Lüscher H, Ruenzel P W, Henneman E
J Neurophysiol. 1983 Nov;50(5):1045-58. doi: 10.1152/jn.1983.50.5.1045.
Excitatory postsynaptic potentials (EPSPs) were evoked in large populations of motoneurons by impulses in single Ia- and group II fibers and recorded from L7 and S1 ventral roots by means of a sucrose-gap technique and spike-triggered averaging, as previously described (33, 34). Factors known to influence conduction at branch points in peripheral nerves or transmission in the Ia projection to motoneurons were studied to determine their effects on these postsynaptic population potentials (PSPPs). When impulse frequency was plotted against the amplitude of these PSPPs, a sequence of low-frequency depression, higher frequency facilitation, and still higher frequency depression was regularly observed. Similar plots of PSPP amplitude versus impulse frequency in a small sample of group II spindle fibers did not reveal any low-frequency depression. Higher frequency facilitation and depression followed the same pattern as that produced by Ia-fibers. Early potentiation of the PSPPs was produced by applying 20 stimulating pulses at 500/s to branches of the medial gastrocnemius nerves containing single Ia-fibers. Single, posttetanic PSPPs were recorded at fixed intervals following each tetanus and averaged. A brief, initial depression followed by a rapidly declining potentiation of PSPPs was regularly observed. When the core temperature was reduced from 41 to 35 degrees C, there was an approximately linear increase in the amplitude of PSPPs. At each temperature a combination of cooling and posttetanic potentiation (PTP) elicited larger PSPPs than cooling alone. The effects of impulse frequency, PTP, and temperature on PSPPs may all be interpreted in terms of their known effects on action potentials or on conduction at branch points in peripheral nerves. Similar effects on transmission or transmission failure in the terminal arborizations of Ia-fibers would account for the influence of these factors on PSPPs. Alternatively, these same three factors might cause similar effects on PSPPs through influences they might exert on the transmitter release mechanism.

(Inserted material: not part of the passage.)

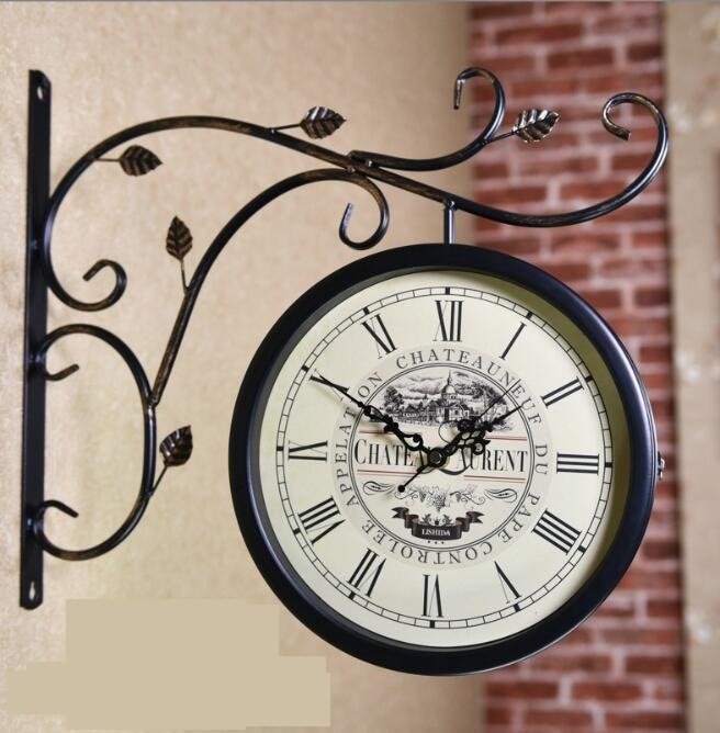 - 新品屋外ガーデンウォールクロック、錬鉄製レトロ両面ステーションクロックガーデンクロック360°回転防水屋外時計装飾屋外時計屋内屋外用

如前所述(33, 34),通过单根Ia纤维和II类纤维的冲动在大量运动神经元中诱发兴奋性突触后电位(EPSP),并采用蔗糖间隙技术和触发尖峰平均法从L7和S1腹根记录。研究了已知影响周围神经分支点传导或Ia纤维向运动神经元投射的传递的因素,以确定它们对这些突触后群体电位(PSPP)的影响。当将冲动频率与这些PSPP的幅度作图时,经常观察到一系列低频抑制、高频易化和更高频率抑制。在一小部分II类肌梭纤维中,PSPP幅度与冲动频率的类似作图未显示任何低频抑制。高频易化和抑制遵循与Ia纤维产生的模式相同的模式。通过以500次/秒的频率向含有单根Ia纤维的内侧腓肠神经分支施加20个刺激脉冲,可产生PSPP的早期增强。在每次强直刺激后以固定间隔记录单个强直后PSPP并进行平均。经常观察到短暂的初始抑制,随后是PSPP迅速下降的增强。当核心温度从41℃降至35℃时,PSPP的幅度大约呈线性增加。在每个温度下,冷却和强直后增强(PTP)的组合比单独冷却引起的PSPP更大。冲动频率、PTP和温度对PSPP的影响都可以根据它们对动作电位或周围神经分支点传导的已知影响来解释。对Ia纤维终末分支的传递或传递失败的类似影响将解释这些因素对PSPP的影响。或者,这三个相同的因素可能通过它们对递质释放机制的影响而对PSPP产生类似的影响。